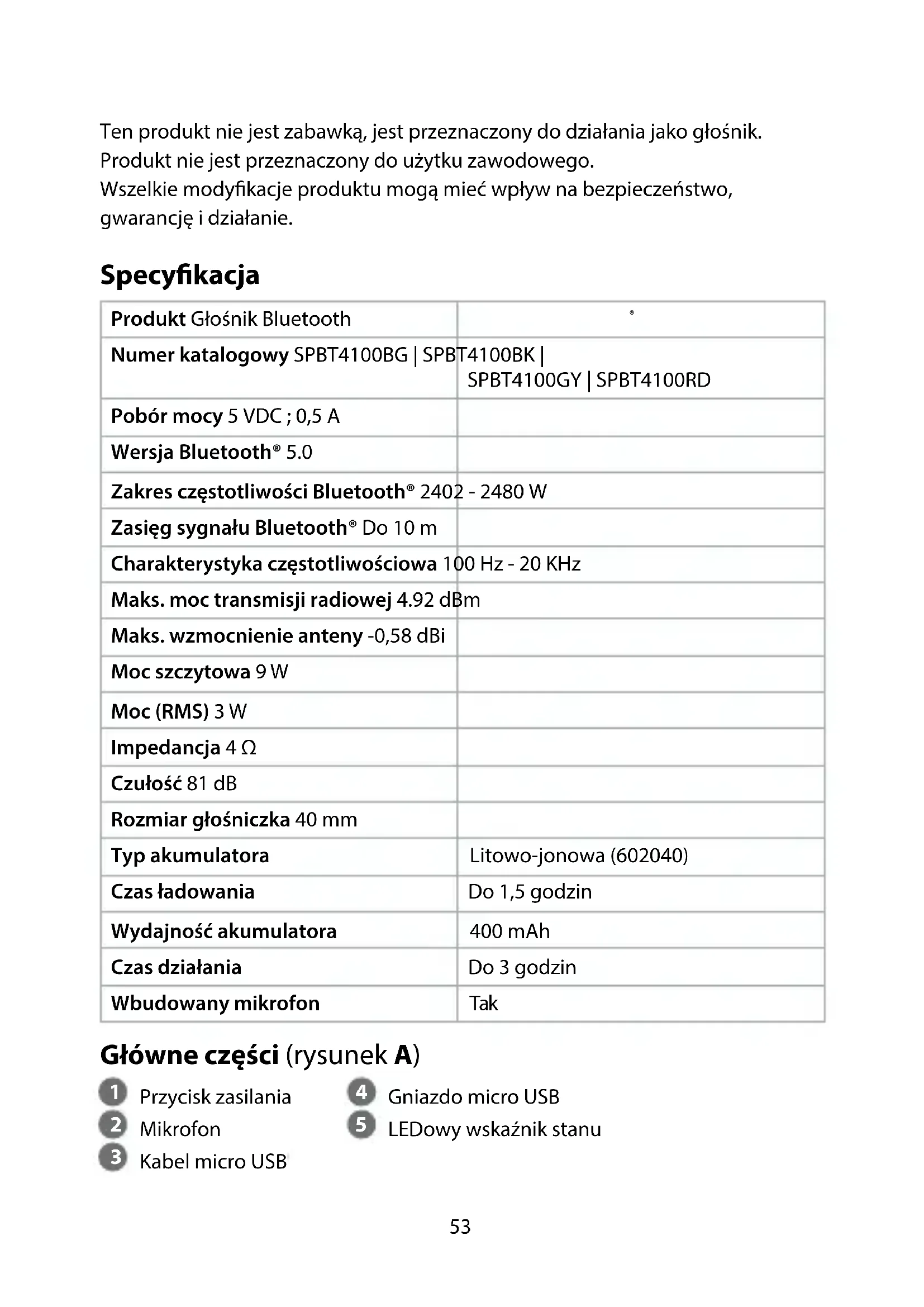 Pobór mocy 5 VDC ; 0,5 A Wersja Bluetooth® 5.0 Zakres częstotliwości Bluetooth® 2402 - 2480 W Zasięg sygnału Bluetooth® Do 10 m Charakterystyka częstotliwościowa 100 Hz - 20 KHz Maks. moc transmisji radiowej 4.92 dBm Maks. wzmocnienie anteny -0,58 dBi Moc szczytowa 9 W Moc (RMS) 3 W Impedancja 4 Ω Czułość 81 dB Rozmiar głośniczka 40 mm Typ akumulatora Litowo-jonowa (602040) Czas ładowania Do 1,5 godzin Wydajność akumulatora 400 mAh Czas działania Do 3 godzin Wbudowany mikrofon Tak Główne części (rysunek A)
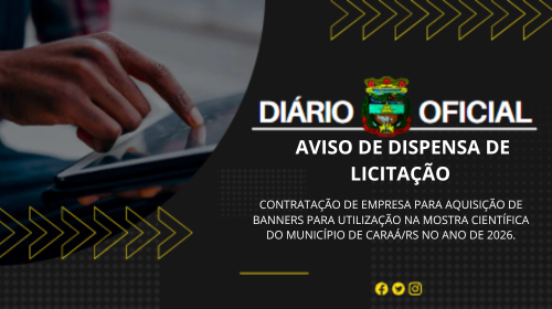 OBJETO : Contratação de empresa para aquisição de banners para utilização na Mostra Científica do Município de Caraá/RS no ano de 2026.
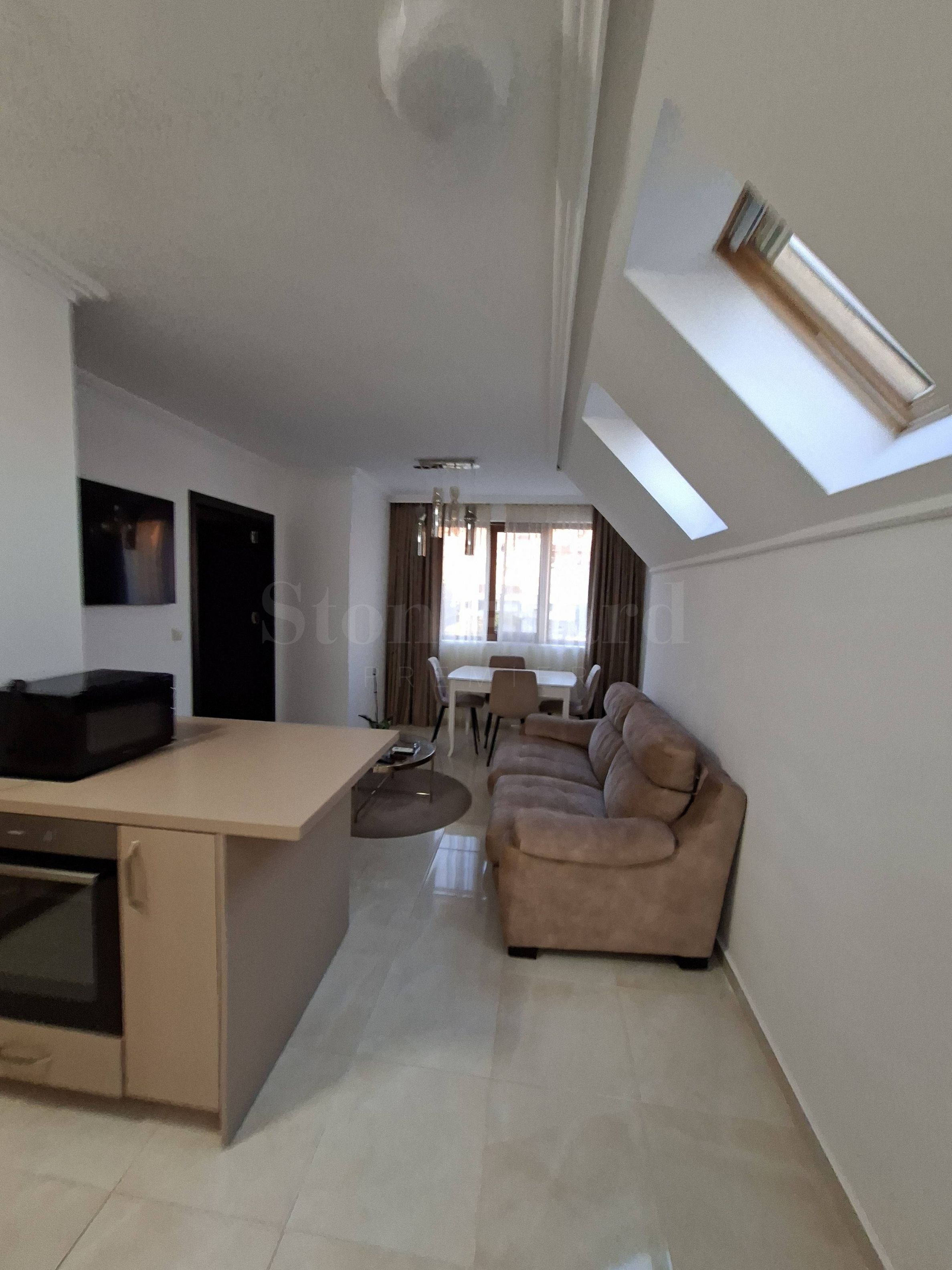 Byt je plně zařízený a vybavený kvalitním nábytkem a špičkovou technikou. Obě ložnice mají podlahové vytápění a klimatizaci. Na jedné terase je namontovaná automatická roleta.
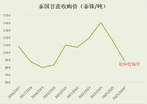 泰国政府公布的25/26榨季甘蔗收购价为890泰铢/吨,同比下降23%,创近10年最低。据有关机构测算,部分农户种植甘蔗的收益已不及木薯,开始将受病虫害影响的甘蔗田改种木薯,或导致26/27榨季甘蔗种植面积缩减。
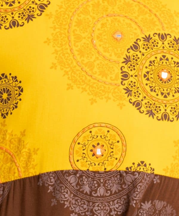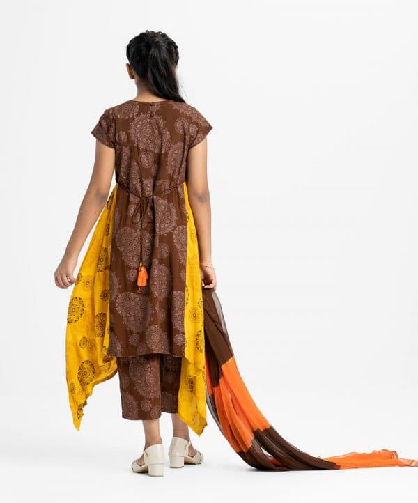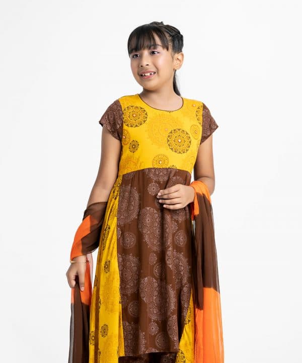 Kid girls printed elongated hem Salwar Kameez in viscose fabric. Round neck, cap sleeves and karchupi at front. Chiffon dupatta with palazzo pants.

==============================

Your assignment:
Each line from the one that holds "泰国政府公布的25/26榨季" through the end of the material should be repeated exactly, and nothing more. Leave out any picture.

Exercise response:
 泰国政府公布的25/26榨季甘蔗收购价为890泰铢/吨,同比下降23%,创近10年最低。据有关机构测算,部分农户种植甘蔗的收益已不及木薯,开始将受病虫害影响的甘蔗田改种木薯,或导致26/27榨季甘蔗种植面积缩减。
 Kid girls printed elongated hem Salwar Kameez in viscose fabric. Round neck, cap sleeves and karchupi at front. Chiffon dupatta with palazzo pants.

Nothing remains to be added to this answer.